Lott of Parkersburg Christian signs with West Virginia Wesleyan | News, Sports, Jobs
PARKERSBURG — As the center hitter for Parkersburg’s Christian volleyball team, LouMasi Lott was a constant force at net.
Once her senior season was over, the 6-footer figured academics and preparing for a medical career would be her main focus once she started her freshman year at West Virginia Wesleyan College.
Even after reviewing the Bobcats volleyball program during an initial visit to the campus located in Buckhannon, she ruled out the possibility of membership under coach Nancy Wheeler.
Then a text came from the coach.
“When I visited the campus and met the coach, I didn’t really want to play volleyball.” Lott said. “My mom and I had been talking for a while. I told him that I don’t know if I want to play. Then they texted me about a month and a half ago and asked if I wanted to play.
“What really scared me at first – here at Parkersburg Christian we don’t have group workouts. That’s why I didn’t want to do it. I told her about it and she said, ‘ Oh, we have people for that. I told him okay. I’m in.”
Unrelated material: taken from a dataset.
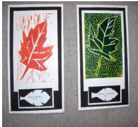
Fine Print Making Creations

Lott, who recently signed as a member of the West Virginia Wesleyan volleyball program, joins PCHS alumni Kiera Wade as the school’s second student-athlete in the past decade to play at the college level. . Wade is the athletic director of PCHS.
“(Kiera) is my biggest role model in volleyball,” Lott said. “She has a saying that confidence is key. This is what I live in volleyball. It’s always (Kiera) who got me to where I am now.
The youngest of five children, Lott already has her own personal fan club. Along with her parents (Dan and Tamra Lott) and PCHS friends whom she considers family, Lott chose West Virginia Wesleyan from the start because it reminded her of home.
“My mum does everything for me – she takes time out of her day to make sure everything is ready”, said Lou Masi.
“Both my parents invested so much time and money into my volleyball club and generally traveling to all of my games. Mom does the book for basketball and volleyball. They always do behind-the-scenes stuff that I’m not even aware of.
“My younger Lakota elder brother, he goes to work and tells everyone about my stuff. He’s excited for me. My sister (Amber) loves it. She really takes care of me.
Lott remembers playing his first college game in seventh grade. The experience cost someone who was competing against girls four to five years older. The following year, in eighth grade, she felt more comfortable and settled into a starting role for the first of five seasons.
“My first college game in seventh grade was against Teays Valley Christian,” Lott said. “As soon as I got on the pitch I started crying – I was so scared. The following season all I remember is just playing.
Lott also played six seasons of basketball for PCHS. Volleyball, however, has remained her first love since she started playing the sport in second grade. She has previous experience with the West Virginia Wesleyan campus, spending two weeks each of the past two summers in a gifted program.
The bus rides and friendships she made competing in sports are some of the biggest takeaways for Lott, whether at PCHS or what she anticipates in college.
“What I did on the volleyball court is just a great memory,” Lott said. “There is a video of me dancing on the pitch. I always dance on the court. I love when people join me.
PCHS is considered a small school, but Lott is confident it will transition to the academic demands of the college experience. As for volleyball, she is preparing physically for the next level.
“From the advice I’ve received from former students, they say the program she took at Parkersburg Christian really helped them prepare for college,” Lott said. “Right now I go to the gym what seems like every day. I have a personal trainer to prepare me for volleyball. Do I feel like I’m ready for college, not yet. But we will work on that.